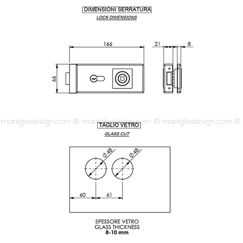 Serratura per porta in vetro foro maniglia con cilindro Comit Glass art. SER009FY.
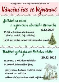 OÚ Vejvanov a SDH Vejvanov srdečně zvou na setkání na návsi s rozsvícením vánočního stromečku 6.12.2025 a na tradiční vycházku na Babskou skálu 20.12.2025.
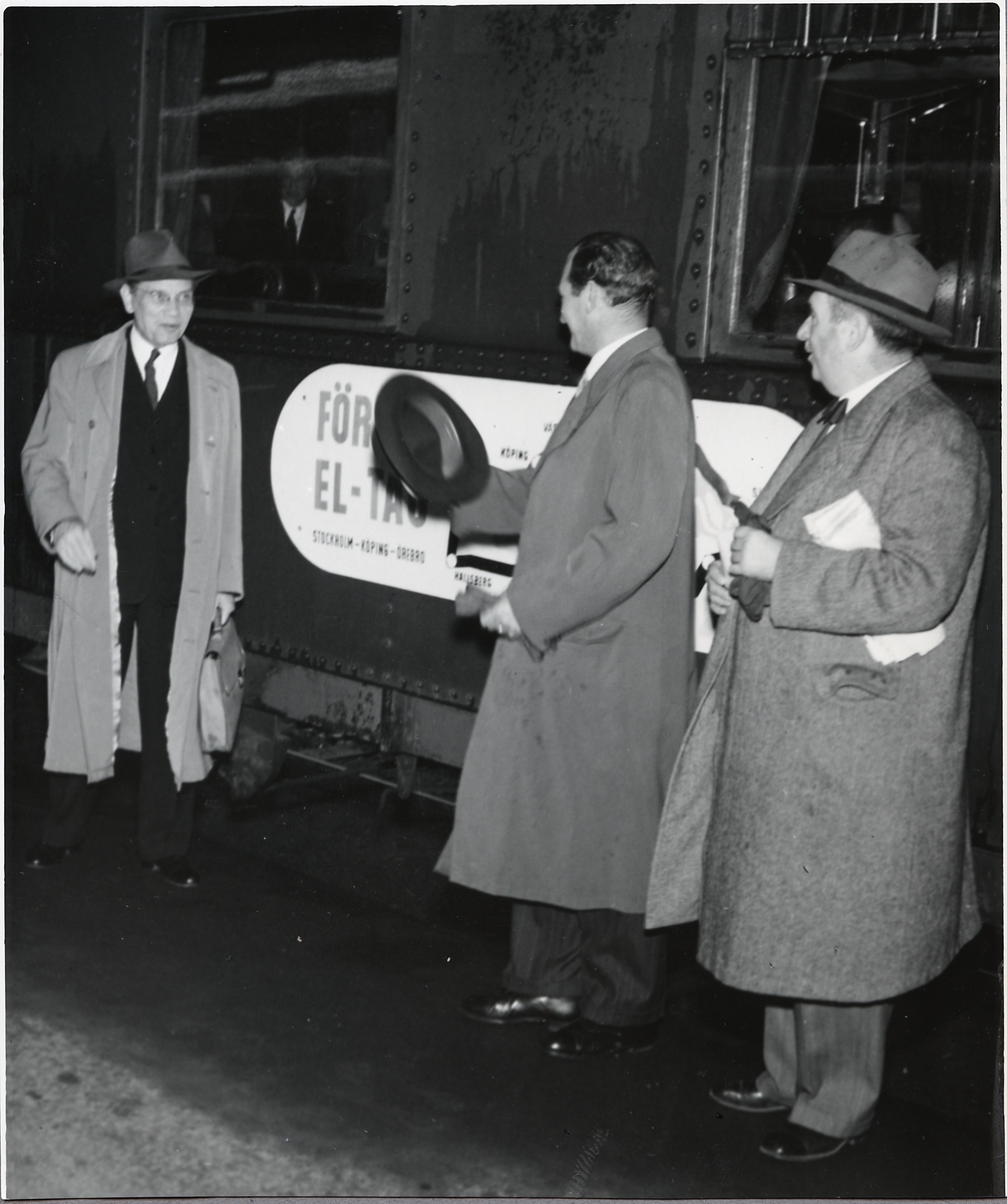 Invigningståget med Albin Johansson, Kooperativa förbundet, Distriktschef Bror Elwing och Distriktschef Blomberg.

▬▬▬▬▬▬

:: Work order ::
When you return the listing, keep each line exact and leave the pictures out.

:: Response box ::
 Serratura per porta in vetro foro maniglia con cilindro Comit Glass art. SER009FY.
 OÚ Vejvanov a SDH Vejvanov srdečně zvou na setkání na návsi s rozsvícením vánočního stromečku 6.12.2025 a na tradiční vycházku na Babskou skálu 20.12.2025.
 Invigningståget med Albin Johansson, Kooperativa förbundet, Distriktschef Bror Elwing och Distriktschef Blomberg.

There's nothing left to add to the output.